Personal information
- Born: January 24, 1991 (age 35) Sanford, Florida, U.S.
- Listed height: 6 ft 4 in (1.93 m)
- Listed weight: 313 lb (142 kg)

Career information
- High school: Seminole (Sanford)
- College: Tennessee State
- NFL draft: 2014: 5th round, 143rd overall pick

Career history
- Tampa Bay Buccaneers (2014); Jacksonville Jaguars (2015–2016)*; Dallas Cowboys (2016–2018);
- * Offseason or practice squad member only

Awards and highlights
- Second-team FCS All-American (2013); 2× All-OVC (2012, 2013); Second-team All-OVC (2011);
- Stats at Pro Football Reference

= Kadeem Edwards =

American football player (born 1991)

Kadeem Edwards (born January 24, 1991) is an American former professional football offensive guard in the National Football League (NFL) for the Tampa Bay Buccaneers, Jacksonville Jaguars, and Dallas Cowboys.

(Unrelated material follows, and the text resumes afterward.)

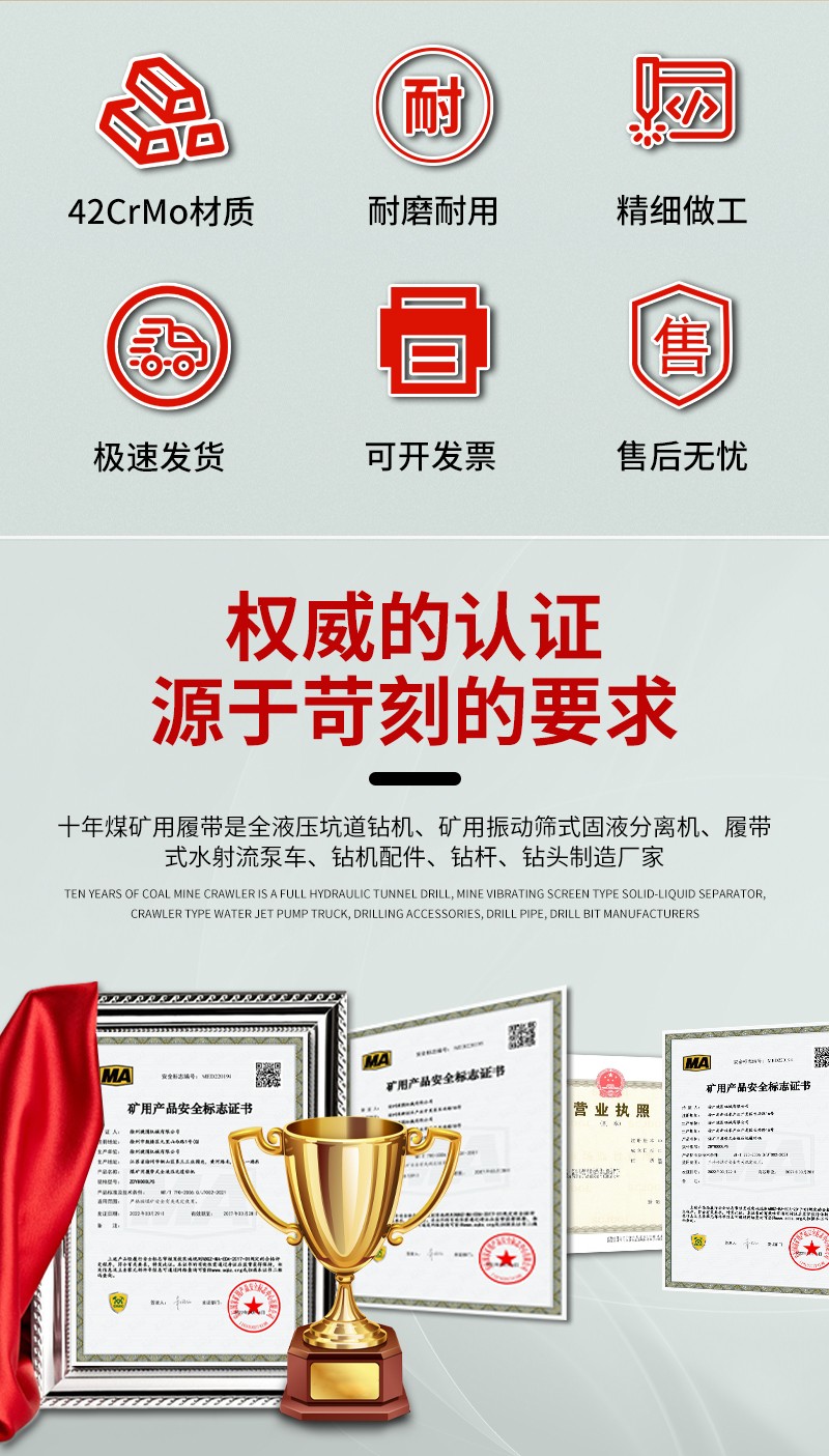 此外,為了提高動力頭主軸的加工精度和減少運(yùn)轉(zhuǎn)時(shí)的噪音、振動等負(fù)面影響,煤礦鉆機(jī)配件動力頭主軸還需要采用高精度的機(jī)械加工工藝和嚴(yán)格的工藝流程。其中包括精細(xì)的數(shù)控加工和表面處理等工序,確保動力頭主軸的幾何尺寸和表面質(zhì)量符合要求。

He was selected by the Buccaneers in the fifth round of the 2014 NFL draft. He played college football at Tennessee State University.

==Early life==
Edwards attended Seminole High School. As a senior in 2009, he helped the team win the State Championship title, coming back from a 21-point deficit. He received third-team 6A All-State honors.

==College career==
Edwards accepted a college football scholarship from Tennessee State University. As a redshirt freshman, he started 9 out of 10 games, while sharing duties at left guard. As a sophomore, he started the first 10 games of the season.

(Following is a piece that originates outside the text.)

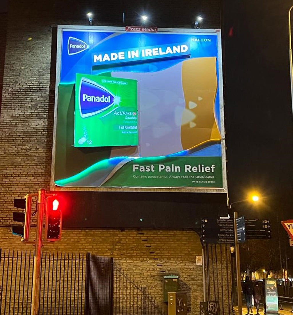 “Panadol has been made in Dungarvan for over 40 years and we are delighted again to launch our ‘Made in Ireland’ out of home campaign, coinciding with St Patrick’s Day,” notes Lucy Else, Brand Manager at Haleon, “We were thrilled with the results we received last year following our campaign, so we knew we wanted to do something even bigger in 2023. The Special Build in Usher’s Quay has surpassed our expectations and we thank PML Group for helping to bring our vision to life.”

As a junior, he started all 11 games. As a senior, he was the team's top lineman, starting 13 games at left guard, while helping the school achieve a 10–4 overall record and second place in the Ohio Valley Conference. He finished his college career with 41 starts out of 45 games.

==Professional career==

===Tampa Bay Buccaneers===
Edwards was selected by the Tampa Bay Buccaneers in the fifth round (143rd overall pick) of the 2014 NFL draft. He signed his four-year rookie deal on May 16. He was declared inactive for the first 9 games. On November 11, he was placed on the injured reserve list with a foot injury.

He was waived on September 6, 2015. On September 7, he was placed on the injured reserve list with a foot injury. On September 14, he was released from injured reserve.

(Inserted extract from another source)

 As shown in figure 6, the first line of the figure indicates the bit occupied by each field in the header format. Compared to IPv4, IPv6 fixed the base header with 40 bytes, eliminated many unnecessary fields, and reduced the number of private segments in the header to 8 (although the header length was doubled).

===Jacksonville Jaguars===
On November 9, 2015, Edwards was signed to the practice squad of the Jacksonville Jaguars. On September 3, 2016, he was released by the Jaguars.

===Dallas Cowboys===
On November 8, 2016, Edwards was signed to the Dallas Cowboys practice squad. He signed a reserve/future contract with the Cowboys on January 16, 2017.

On September 2, 2017, Edwards was waived by the Cowboys and was signed to the practice squad the next day. On December 29, 2017, he was promoted to the active roster after left tackle Tyron Smith was placed on the injured reserve list.

On September 11, 2018, Edwards was released, after the Cowboys claimed center Adam Redmond off waivers.